Por isso, cada membro deve refletir sobre seu próprio comportamento, se está contribuindo devidamente para o bem-estar da comunidade ou se precisa realizar ajustes na sua conduta para garantir que todos sejam cuidados, amparados e ouvidos. Os líderes devem também permitir o desenvolvimento dos outros, a fim de que todos e todas cresçamos como discípulos e discípulas. Devem ainda exercer uma liderança humilde e simples, contribuindo com o reino e com o sustento e cuidado de todo o rebanho.

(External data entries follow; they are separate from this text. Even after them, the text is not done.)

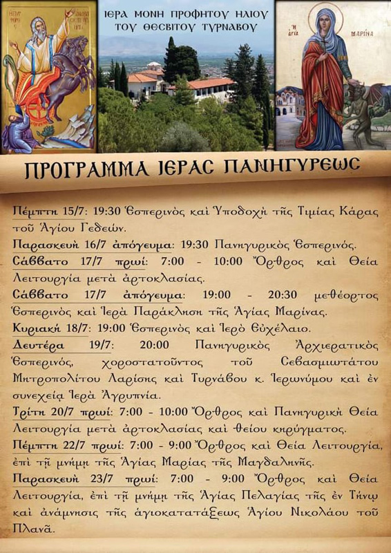 Το πρόγραμμα εορτασμού της Ιεράς Μονής Προφήτου Ηλιού Τυρνάβου
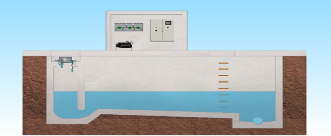 用于中大型调蓄池,雨水或者合流污水进入调蓄池,存水室水位上升,并进入真空存水室内, 真空泵自动开始抽吸空气,由于真空效应,水从廊道部分流入存水室。调蓄池清空后,冲洗程序自动启动。
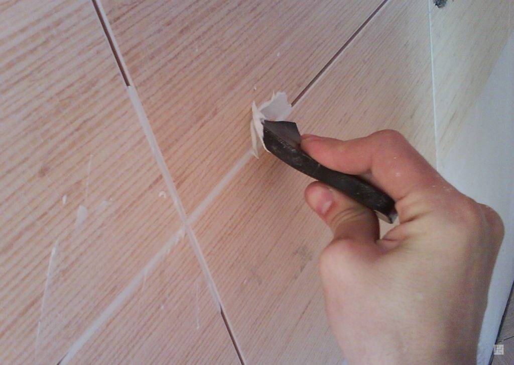 Обрабатывать швы начинают с дальнего угла комнаты. Шпателем заполняются щели между швами. Удаляются остатки затирочной смеси.
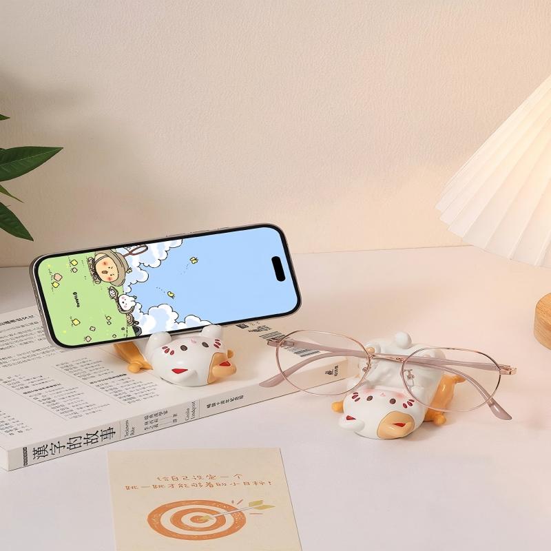 可爱卡通小猫眼镜放置架桌面手机支架摆件办公桌好物女生工位实用
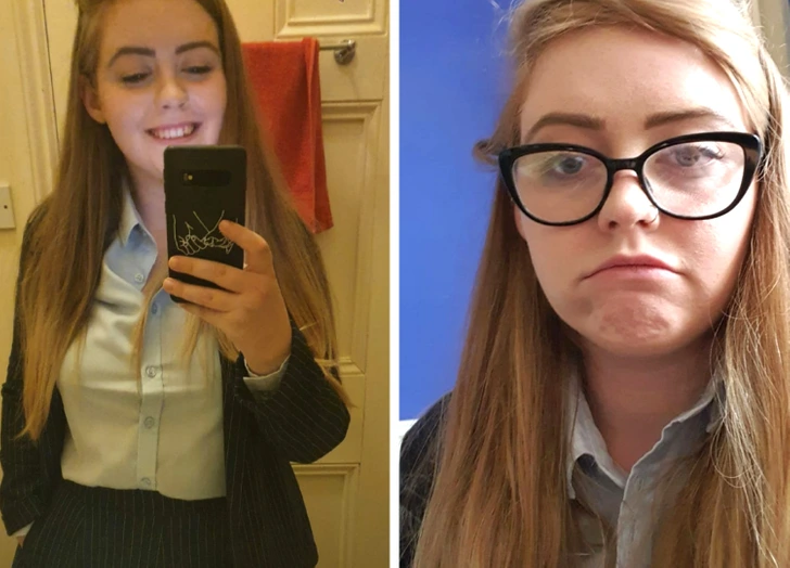 „Мојата девојка пред и по нејзиниот прв ден како учителка“.
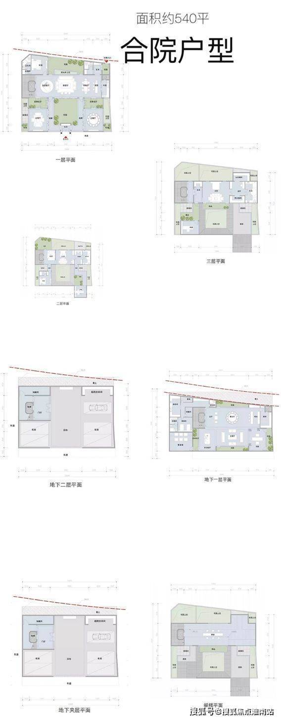 ·风貌联排合院151套(建面约250-1200㎡,主力户型约300-500㎡)

Realmente, este texto não é fácil de ler; confronta nossas estruturas e a nós mesmos. A lição mais profunda que podemos tirar dele é a promessa do cuidado divino. Quando pastores falham e ovelhas oprimem, Deus ainda está presente para guiar e proteger Seu rebanho. Por isso, o nosso desafio enquanto comunidade de fé é que busquemos incessantemente uma conexão espiritual mais profunda com Deus. Quando confiamos em Deus como nosso verdadeiro pastor, somos capacitados a seguir o Seu exemplo de cuidado e compaixão estabelecido por meio de Jesus, o bom pastor, que deu a Sua vida por todas as Suas ovelhas.
Não podemos esquecer que a liderança pastoral e o comportamento dos membros estão diretamente ligados, pois líderes, bons ou maus, trazem inspirações aos seus liderados. Se inspiram amor, o amor é vivenciado na comunidade, mas, se não cuidam das ovelhas, por que as ovelhas cuidariam umas das outras? Esta reflexão não alcança apenas aqueles que foram chamados para o pastoreio de pessoas, mas a todos aqueles e aquelas que pertencem ao rebanho de Jesus e são reconhecidos como Seus discípulos.
Os pastores devem zelar pelo cuidado com as vidas e a liderança deve dar exemplo de humildade e dedicação ao serviço, enquanto os membros devem demonstrar solidariedade e empatia uns pelos outros. Somente assim poderemos viver de acordo com o mandamento de amor ao próximo e alcançar o cuidado espiritual genuíno que a profecia de Ezequiel 34 pode nos ensinar, pois a mensagem continua a ressoar nos dias de hoje, chamando-nos a refletir sobre nossa liderança religiosa e nosso papel como membros de nossa comunidades de fé.
Que possamos exercer o amor para com todas as pessoas, independentemente de sua posição, formação ou ganho, trabalhando juntos para criar ambientes nos quais o cuidado, a justiça e a compaixão floresçam, a fim de que a mensagem do amor salvífico e o pastoreio de Jesus possam tornar-se uma realidade tangível e integral em nossas vidas e em nossas comunidades de fé. Que neste tempo do Advento possamos pensar no cuidado de Deus e no nosso cuidado para com o outro.
Que Deus nos abençoe e nos fortaleça para Sua missão!